Currently, non-contrast computed tomography (NCCT), magnetic resonance imaging (MRI), CT angiography (CTA), and magnetic resonance angiography (MRA) are the standard minimally-invasive imaging protocols trusted by physicians in acute stroke assessment. When there are no limits of machine or expert availability, or patient contraindications, CTA is the preferred method of imaging. NCCT is a standard of stroke imaging and is relied upon heavily when CTA is unavailable. Once a NCCT exam has been performed, images can be analyzed to derive a patient’s tissue status using the Alberta Stroke Program Early CT Score (ASPECTS). A patient’s ASPECTS is based on assessment of the tissue in the MCA watershed regions such that one point is deducted for each of 10 regions that appear hypoperfused and can be used to asses a patient’s candidacy for surgical intervention; a threshold of 7 is used in the prediction of both functional outcome and final infarct volume in ischemic stroke [4,8–10]. In its prediction of poor outcome, an ASPECTS threshold of 7 has been shown to reflect an overall accuracy of 65.8% [11]. Though these studies have shown that ASPECTS can provide relevant information once the presence of an LVO has been established, its ability to initially indicate LVO alone has not yet been investigated.

Although CTA is the gold standard of LVO imaging, limitations include requirement of large-bore IV access, severe allergies to iodinated contrast, and an available CTA scanner [12]. The availability of CTA at all times is recommended for both primary and comprehensive stroke centers per the Society of NeuroInterventional Surgery (SNIS), and should only be substituted with MRA when absolutely necessary [12]. Although the efficacy of CTA in stroke diagnosis is unquestionable as a gold standard and strongly endorsed, its clinical utilization remains lower than desirable. In the IMS-III trial, investigators found that only about 46% of the initial study population underwent admission baseline CTA, resulting in their amendment to the original study protocol to require its use [13]. A 2015 study of these centers found that roughly 9% of all primary stroke centers with CTA availability also met the criteria of comprehensive stroke centers with additional EVT capability on-site [14].
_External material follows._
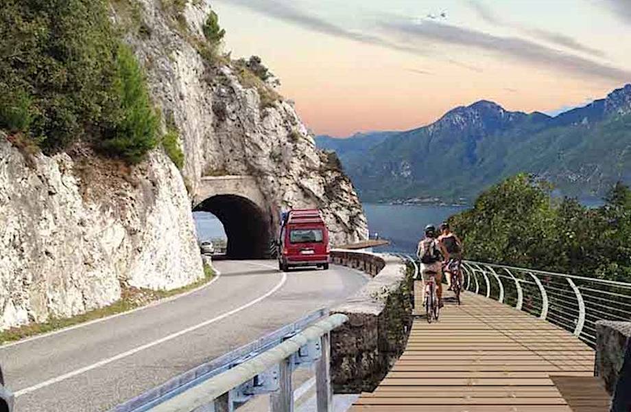 В Италии идет строительство самой красивой дороги для велосипедистов. Велотрасса пройдет вдоль побережья озера Гарда и по долине Трентино. Дорогу строят непосредственно в скалах, и она нависает над озером. Веломаршрут получил название Garda by Bike, и его уже называют самым красивым местом для велопрогулок в мире.
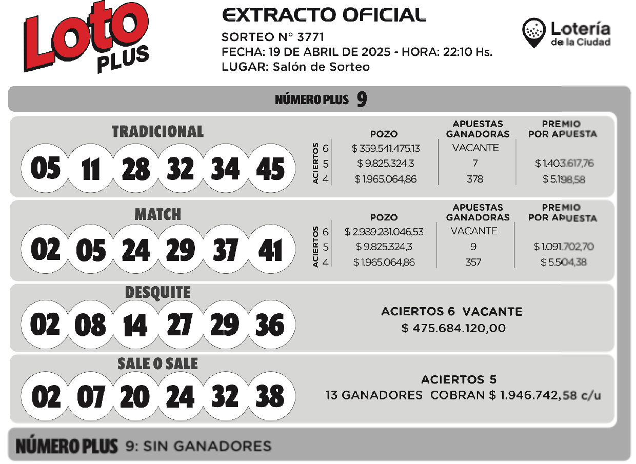 El sorteo del Loto Plus 3.771 realizado el sábado 19 de abril en la versión Tradicional con un pozo de $359.541.475 quedó vacante.

Transcranial Doppler (TCD) ultrasound is a noninvasive ultrasonic imaging modality that directly measures Cerebral Blood Flow Velocity (CBFV) in major arteries of the head and neck which may be used to gather information about a patients’ vascular status when CTA is unavailable. Morphological characteristics of the CBFV waveform are associated with various pathologies, including LVO [15-17]. TCD is currently indicated for use in acute stroke management, having demonstrated utility in detection and localization of occlusion in numerous publications [18–21]. However, the current utilization of TCD for stroke diagnosis is limited by its user-dependence in both administration and interpretation of a given exam.

Recent research has focused on developing methods to make TCD evaluation more objective, including CBFV waveform morphological analysis and development of LVO decision criteria using TCD-only derived metrics, both of which agree with CTA with high accuracy [17,18,22]. Thrombolysis in Brain Ischemia (TIBI) flow grades provide a systematic method of classifying pathological waveforms as observed on a TCD exam, and comparison of pre- and post-thrombolysis TIBI scores can be used to indicate status of recanalization [17,23]. This method supplements the diagnostic process; however, the subjective nature of the assignment of these grades may be prohibitive of its accuracy and consistency. The most recent of these morphological analyses presented velocity curvature index (VCI) as a clinically-useful morphological biomarker in LVO assessment [22]. VCI is derived from the mathematical principal of space curvature as applied to the CBFV waveform, providing a quantifiable way of classifying ‘blunted’ waveforms that have previously been determined subjectively and shown to be associated with LVO [17,22,24].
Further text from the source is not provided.